As I sat in the doctor’s office that day, avoiding my mom’s anxious gaze, the irony of my situation suddenly occurred to me. The hours of sleep I sacrificed put me no closer to the successful career I desperately wanted, but infinitely closer to the health problems that will certainly haunt my future. All my misery had led to was an increased risk for high blood pressure. I scored 100 on my research project. What else did I gain?

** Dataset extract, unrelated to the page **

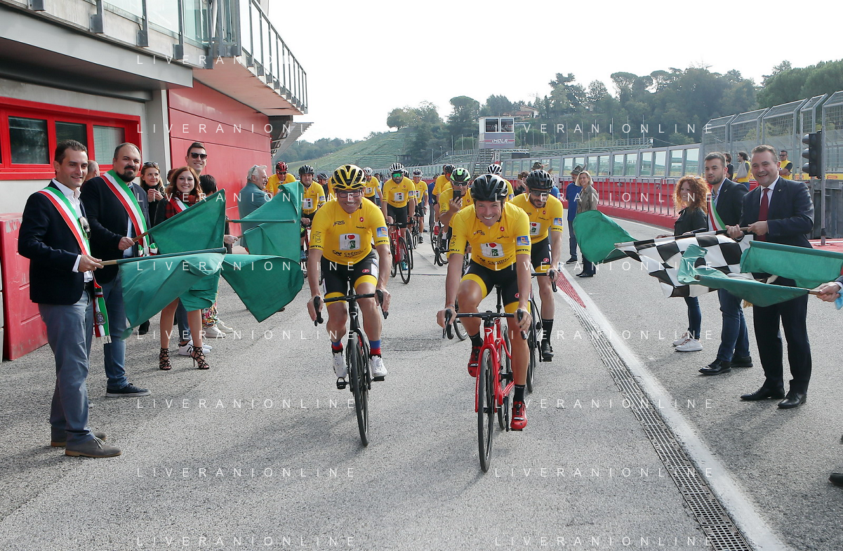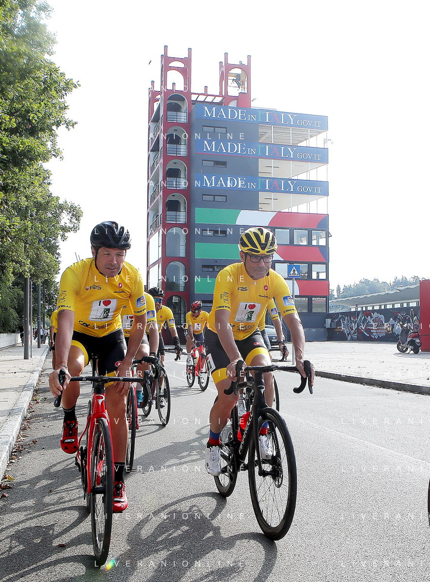 IMOLA 02 10 2021 AUTODROMO ENZO E DINO FERRARI BIKE TOUR FFC NELLA FOTO ASSESSORE REGIONALE RAFFAELE DONINI SINDACO MARCO PANIERI E ALTRI SINDACI DEL CIRCONDARIO CHE FANNO PARTIRE LA BICICLETATA.I PRESENTE ANCHE DAVIDE CASSANI FOTO GIANNI SANNA-AG ALDO LIVERANI SAS

I know it feels like we don’t have much say in this lifestyle. We feel forced to sacrifice our health because there seems to be no other way to stay afloat in school—in life, even. Twenty-four hours are simply not enough for us to handle the dizzying mess of work we face every day. But we are only juggling ten different tasks simultaneously because we believe that all ten will help us achieve our elusive vision of the future in some way. Fate is fickle, however, and our lives will almost certainly unfold in different ways than how we imagined. What use is there, then, to sacrifice the present for the future? 

In our haste to make that desired future inch ever closer to reality, we have neglected the reality we currently live in. But the present moment was part of that precious future, too, at some point. If the present is a hard-won gift from our past selves, holding the same value as the future does for us now, how can we justify spending it in misery? How can we justify living out every day sluggishly from starving ourselves of rest, barely experiencing the very joys we worked so hard to obtain? 

Being our present selves, we have a choice to make: let go of a future that may never come, or let go of the present that is already here. As acquainted with chance as we are, I am sure we will make the right decision, which starts with granting our body the rest it deserves.